Use the MO model to determine which of the following has the smallest ionization energy: $\mathrm{N}_{2}, \mathrm{O}_{2}, \mathrm{N}_{2}^{2-}, \mathrm{N}_{2}^{-}, \mathrm{O}_{2}^{+} .$ Explain your answer.

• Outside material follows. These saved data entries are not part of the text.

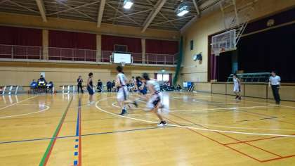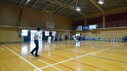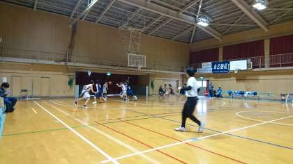 予選リーグ1試合目は東中と対戦して84対35で勝利しました。2試合目は第6試合で天満中と対戦です。
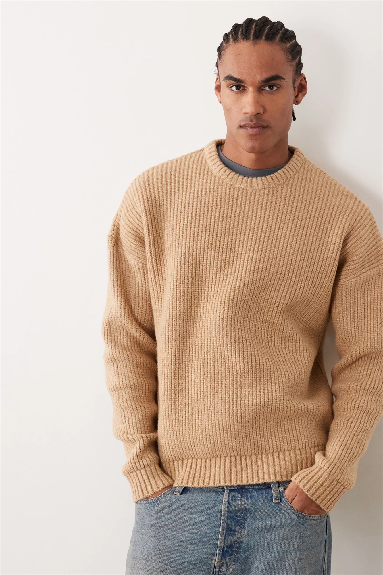 Свитер из трикотажа с узором «рыбацкая резинка» в стиле «бокс» с экстремально свободным кроем
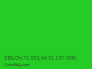 CIELCh 72.053,94.51,137.008 Color is a normal green color and the nearest color is Lime Green #32cd32. Hex code #26cc26 and RGB value is rgb(38,204,38). In RGB color space, this color is composed of 15% red, 80% green, 15% blue, In CMYK color space, this color is composed of 81% cyan, 0% magenta, 81% yellow , 20% black , In HSL color space, this color has a hue angle of 120° , 69% saturation and 47% lightness.
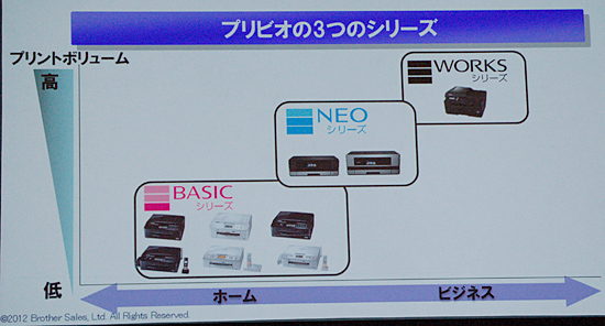 今後は、印刷数が少ない家庭向けは「BASIC」、印刷数が多いビジネス向けは「WORKS」、「BASIC」と「WORKS」の間にさまざまな新機能を搭載した「NEO」を置き、3シリーズで展開していく。
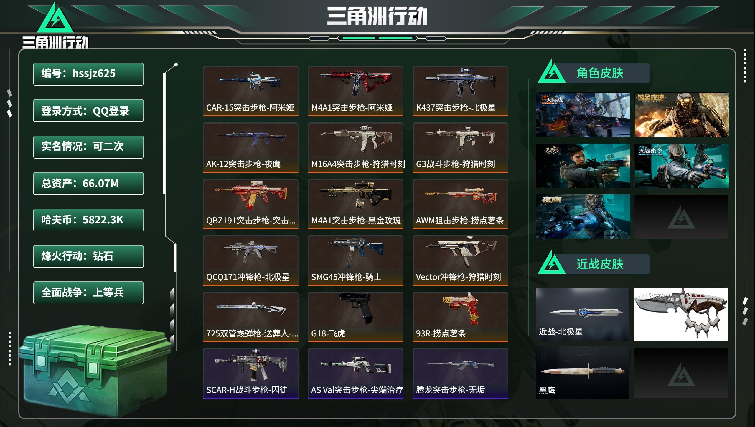hssjz625 总资产66.07M,哈夫币 5822.3K,战场等级:50 上等兵,行动等级:60
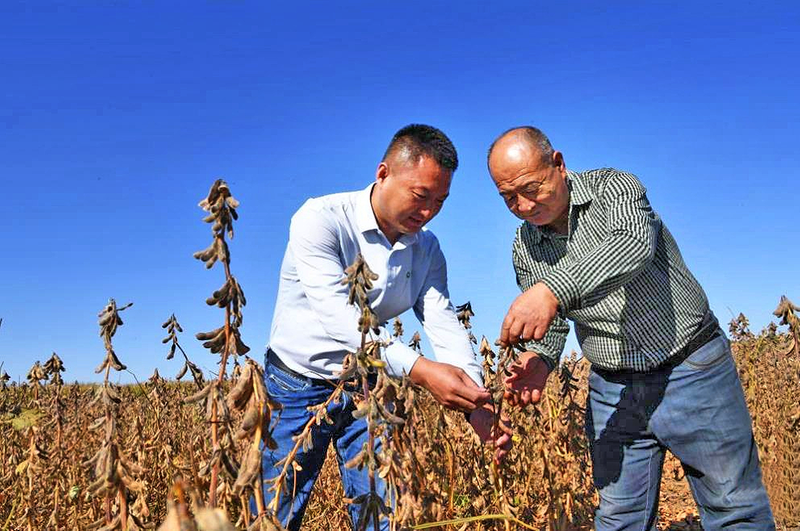 9月29日,在内蒙古自治区兴安盟扎赉特旗音德尔镇,扎赉特旗雨之润农牧业专业合作社负责人朱振宇(右)和中国种子集团技术人员在田间查看即将收获的大豆。
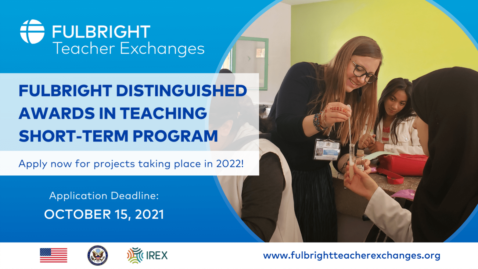 Ever dreamed of sharing your teaching expertise with peers in another country? Expert K–12 educators from the United States can travel to participating countries and territories abroad to carry out short-term educational projects through the Fulbright Distinguished Awards in Teaching Short-Term Program. Participants spend 2-6 weeks working in schools, teacher training colleges, government ministries, and/or educational nongovernmental organizations,ContinueContinue reading “Fulbright Distinguished Awards for Teaching Short-Term Program”

Using MO theory, we first determine the bond order and electron configuration of each molecule/ion to understand its electronic structure. Bond order can be determined with this formula: Bond Order = \(\frac{1}{2} \times (\mathrm{Number\,of\,electrons\,in\,bonding\,orbitals} - \mathrm{Number\,of\,electrons\,in\,antibonding\,orbitals})\) We will list the occupancy of bonding orbitals (BO) and antibonding orbitals (ABO) for \(\sigma\), \(\sigma^{*}\), \(\pi\) and \(\pi^{*}\). For \(\mathrm{N}_2\) (14 electrons): BO: \(\sigma_1\) (2), \(\sigma_2\) (2), \(\pi_3\) (4) ABO: \(\sigma^{*}_1\) (0), \(\sigma^{*}_2\) (0), \(\pi^{*}_3\) (0) For \(\mathrm{O}_2\) (16 electrons): BO: \(\sigma_1\) (2), \(\sigma_2\) (2), \(\pi_3\) (4), \(\sigma_4\) (2) ABO: \(\sigma^{*}_1\) (0), \(\sigma^{*}_2\) (0), \(\pi^{*}_3\) (2), \(\sigma^{*}_4\) (0) For \(\mathrm{N}_2^{2-}\) (14 + 2 = 16 electrons): BO: \(\sigma_1\) (2), \(\sigma_2\) (2), \(\pi_3\) (4), \(\sigma_4\) (2) ABO: \(\sigma^{*}_1\) (0), \(\sigma^{*}_2\) (0), \(\pi^{*}_3\) (2), \(\sigma^{*}_4\) (0) For \(\mathrm{N}_2^{-}\) (14 + 1 = 15 electrons): BO: \(\sigma_1\) (2), \(\sigma_2\) (2), \(\pi_3\) (4), \(\sigma_4\) (1) ABO: \(\sigma^{*}_1\) (0), \(\sigma^{*}_2\) (0), \(\pi^{*}_3\) (2), \(\sigma^{*}_4\) (0) For \(\mathrm{O}_2^{+}\) (16 - 1 = 15 electrons): BO: \(\sigma_1\) (2), \(\sigma_2\) (2), \(\pi_3\) (4), \(\sigma_4\) (1) ABO: \(\sigma^{*}_1\) (0), \(\sigma^{*}_2\) (0), \(\pi^{*}_3\) (2), \(\sigma^{*}_4\) (0)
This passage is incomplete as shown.